Yo no tuve la suerte de encontrarme ningún corrillo en el entreacto ya que me lo pasé intentando echarme algo a la boca infructuosamente.
La obra es brutal y maravillosa. Es un derroche melódico con esas melodías infinitas bellinianas bellísimas. La exigencia para los papeles principales es extrema, el tenor se mueve por zona peligrosa constantemente y tiene una partitura cargada de sobreagudos y la soprano necesita de elegancia, belleza, entrega. Y esa escena de locura final, bien sentida te mata de belleza y emoción. Y a quien no le emocione si está bien interpretada que se quite de la ópera como se quitó mi sobrino. Qué grande era Bellini!!
Yendo directo a la función, la puesta en escena de Sagi, es una puesta en escena muy de Sagi. Mínima, con paneles móviles, con vestuario en blanco y negro salvo las bandas de Ernesto, que para eso tiene galones. Las damas con faldas vaporosas, los caballeros de negro, tipo guarrotes pero limpios y pijo/guayses de película pseudomoderna y poco más. Salvo en la escena final de la locura, espectacular. Por no hacer spoiling, sólo decir que es mucho mejor en directo que por la tele, por lo que perderá fuerza en el video, ya que me fijé en las pantallas que pueblan la zona alta del teatro y no transmiten la belleza y los efectos del momento.
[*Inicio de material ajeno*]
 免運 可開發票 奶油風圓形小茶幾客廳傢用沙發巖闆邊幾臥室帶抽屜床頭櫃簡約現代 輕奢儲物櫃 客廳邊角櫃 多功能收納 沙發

Maurizio Benini, que es perro viejo y a quien le recuerdo un par de excelentes concertaciones, estuvo muy pendiente de las voces y acompañó a los cantantes para su lucimiento que es el que tocaba. La orquesta la mayoría del tiempo sólo acompaña las voces. Y puede que le faltara algo de pulso dramático, pero yo no me aburrí, todo lo contrario, aunque el mayor responsable de ello fuera Bellini.
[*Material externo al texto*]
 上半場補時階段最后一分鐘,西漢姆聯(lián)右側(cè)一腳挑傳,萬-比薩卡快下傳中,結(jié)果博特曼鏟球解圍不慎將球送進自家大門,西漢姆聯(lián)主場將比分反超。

Sonya Yoncheva me encantó. No es la Devia ni la Caballé pero eso yo ya lo sabía antes de entrar. Tiene carne en la voz y puso lo que tiene. Lo que no puso es porque no lo tiene. No tiene la elegancia en las dinámicas de la Caballé. No tiene la facilidad en las agilidades de la Gruberova. Pero puso entrega y arrojo. Yo no la vi plana ni en el canto ni en el físico, más bien lo contrario. Y triunfó sobre el resto. Transmite con un canto bellísimo cargado de intención.
A Javier Camarena le vi inseguro con el papel y esa inseguridad le provocó ciertas dudas y una tensión en la voz que se transmitió. Pero canta bonito, arriesga en la zona alta y su interpretación fue más que notable, a pesar del incidente que tuvo en el segundo acto. Los sobreagudos son brillantes y es un gran cantante, pero aún no se ha hecho papel. Ya se hará. Y hablo que lo vi inseguro, no reservón. Mucho mejor en el segundo acto que en el primero.
Petean lo hizo muy bien. No es el timbre más bello del mundo, pero sabe lo que canta y tiene volumen suficiente para no desentonar.
Muy bien también María Miró de Adele. Más flojo el Goffredo del omnipresente Felipe Bou y el Itulbo de Marin Yonchev, primer y llamativo caso que me encuentro en el que la cláusula número 13 no es el marido, sino el hermanísimo, vamos, las Campos creando escuela.
En resumen, me lo pasé como un enano en el magnífico teatro capitalino, con una ópera extraordinaria y unos cantantes de los que se podrán decir cosas, ya que siempre se dicen y se dicen de todos, que aquí nadie se libra, pero la interpretación que me ofrecieron es de las que hacen que ame tanto a este invento llamado ópera. Y además dormí como un tronco, porque otra de las grandes cosas que tiene, aunque cada vez menos, mi querida España, son hoteles con sábanas (diabólico invento el edredón nórdico) y almohadas como Dios manda.
Y mientras tanto, mis queridos amigos de mi tierra de adopción provocandome envidia infinita al disfrutar de la compañía de Don Plácido en un acto de necesario desagravio y a quien pudieron abrazar y charlar con él, como ya es costumbre cuando se acerca la Navidad, para dolor y sufrimiento de almas obtusas a las que la miseria moral les corroe.